**Work task:**
Return, with both end lines included, exactly what the data below holds from the line with "そんな中、暑さを苦手とするラ" through the line with "Palloncino gonfiabile con", though not the pictures.

**Given records:**

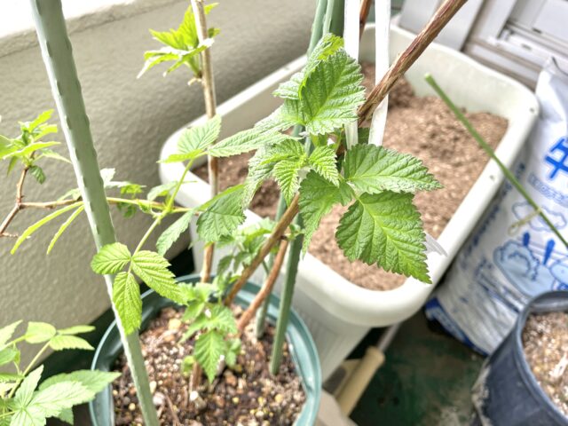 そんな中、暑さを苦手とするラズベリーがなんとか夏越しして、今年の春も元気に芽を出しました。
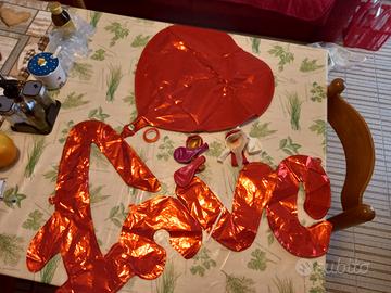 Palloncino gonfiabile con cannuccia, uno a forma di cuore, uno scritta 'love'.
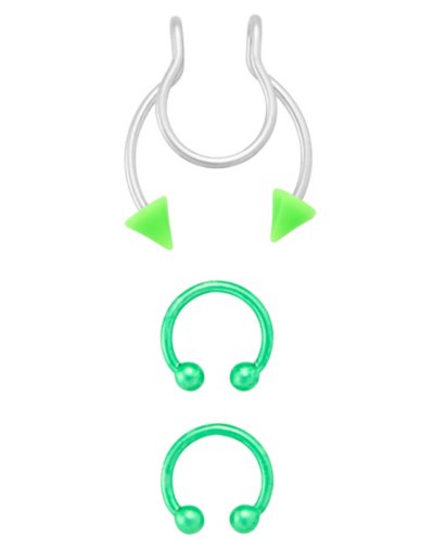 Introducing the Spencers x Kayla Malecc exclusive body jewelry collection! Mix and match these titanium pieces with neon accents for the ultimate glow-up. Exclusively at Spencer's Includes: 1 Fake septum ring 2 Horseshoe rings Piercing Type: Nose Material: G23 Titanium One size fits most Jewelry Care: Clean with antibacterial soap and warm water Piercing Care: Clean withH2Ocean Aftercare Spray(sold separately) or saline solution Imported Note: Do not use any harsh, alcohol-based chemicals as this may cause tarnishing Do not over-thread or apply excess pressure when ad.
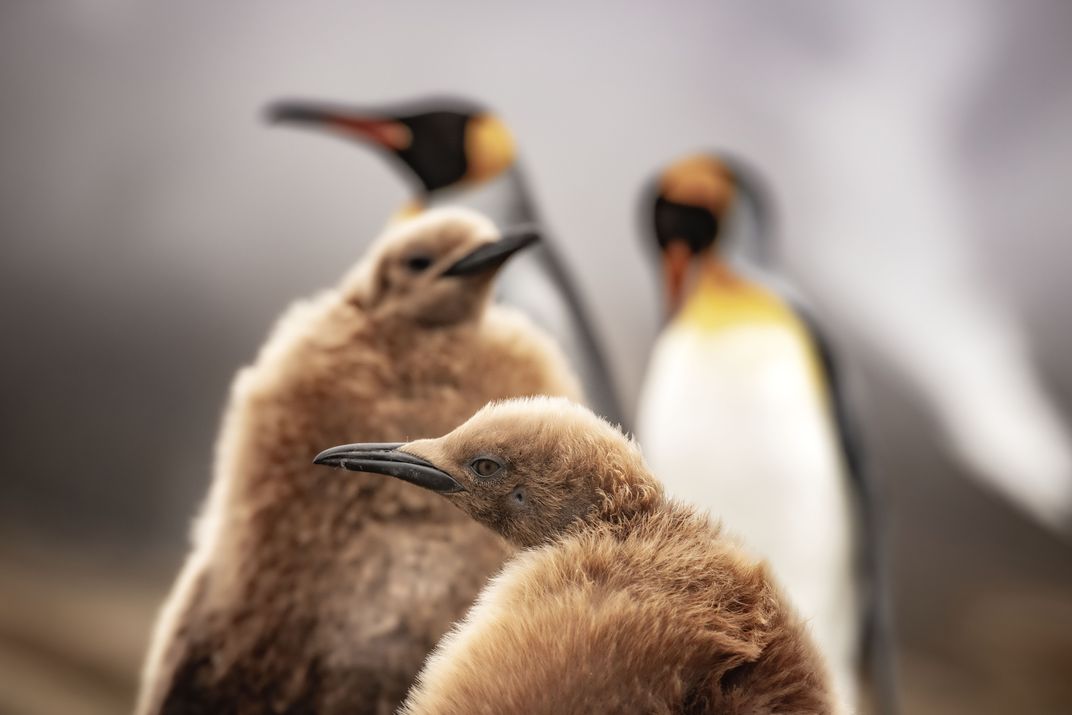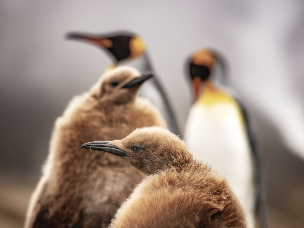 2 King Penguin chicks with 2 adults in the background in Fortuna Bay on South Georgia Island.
--
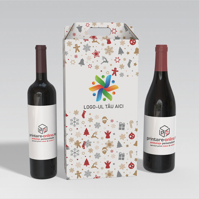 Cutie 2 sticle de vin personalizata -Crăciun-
...
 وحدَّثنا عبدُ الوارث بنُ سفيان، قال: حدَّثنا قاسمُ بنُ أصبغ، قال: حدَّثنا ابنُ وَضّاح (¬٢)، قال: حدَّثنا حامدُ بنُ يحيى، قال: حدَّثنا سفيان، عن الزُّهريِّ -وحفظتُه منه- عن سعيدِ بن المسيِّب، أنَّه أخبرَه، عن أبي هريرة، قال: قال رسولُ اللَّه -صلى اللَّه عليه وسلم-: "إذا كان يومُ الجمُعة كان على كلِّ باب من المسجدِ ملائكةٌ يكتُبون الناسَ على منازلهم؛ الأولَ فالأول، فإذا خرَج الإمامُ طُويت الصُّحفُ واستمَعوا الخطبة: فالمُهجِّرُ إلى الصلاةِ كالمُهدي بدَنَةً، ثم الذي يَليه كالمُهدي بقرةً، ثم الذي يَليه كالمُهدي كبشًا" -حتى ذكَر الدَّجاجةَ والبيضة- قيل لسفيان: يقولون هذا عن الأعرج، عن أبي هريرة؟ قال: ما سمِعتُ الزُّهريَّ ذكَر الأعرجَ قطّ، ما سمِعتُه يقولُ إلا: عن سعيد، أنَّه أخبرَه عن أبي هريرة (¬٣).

**Answer box:**
 そんな中、暑さを苦手とするラズベリーがなんとか夏越しして、今年の春も元気に芽を出しました。
 Palloncino gonfiabile con cannuccia, uno a forma di cuore, uno scritta 'love'.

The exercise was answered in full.